> [Exercise description]: Every line of the records below from the line with "Leírás: Ezüst (Ag)" up to and including the line with "- Ultra Nourishing" must be reproduced exactly, and no line outside that range.

> [Data for this task]:
-----

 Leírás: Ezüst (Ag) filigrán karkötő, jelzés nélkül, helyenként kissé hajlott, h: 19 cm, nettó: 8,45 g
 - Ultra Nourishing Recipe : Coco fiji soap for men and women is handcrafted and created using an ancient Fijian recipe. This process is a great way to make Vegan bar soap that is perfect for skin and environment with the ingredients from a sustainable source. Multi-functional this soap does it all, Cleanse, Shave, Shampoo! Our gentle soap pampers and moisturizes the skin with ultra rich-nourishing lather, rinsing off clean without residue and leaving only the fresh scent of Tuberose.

-----

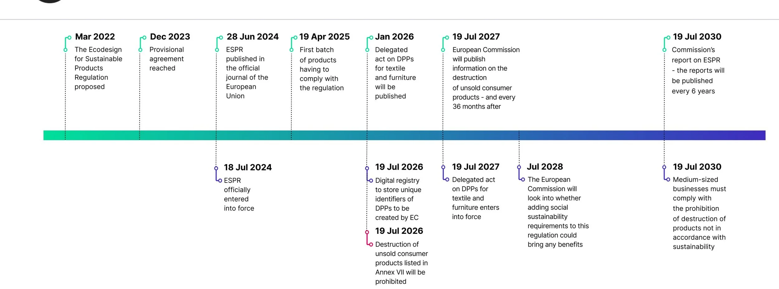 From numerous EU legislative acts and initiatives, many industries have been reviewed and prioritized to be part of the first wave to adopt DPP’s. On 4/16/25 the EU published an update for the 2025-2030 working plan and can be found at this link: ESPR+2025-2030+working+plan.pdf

-----

> [Task answer]:
 Leírás: Ezüst (Ag) filigrán karkötő, jelzés nélkül, helyenként kissé hajlott, h: 19 cm, nettó: 8,45 g
 - Ultra Nourishing Recipe : Coco fiji soap for men and women is handcrafted and created using an ancient Fijian recipe. This process is a great way to make Vegan bar soap that is perfect for skin and environment with the ingredients from a sustainable source. Multi-functional this soap does it all, Cleanse, Shave, Shampoo! Our gentle soap pampers and moisturizes the skin with ultra rich-nourishing lather, rinsing off clean without residue and leaving only the fresh scent of Tuberose.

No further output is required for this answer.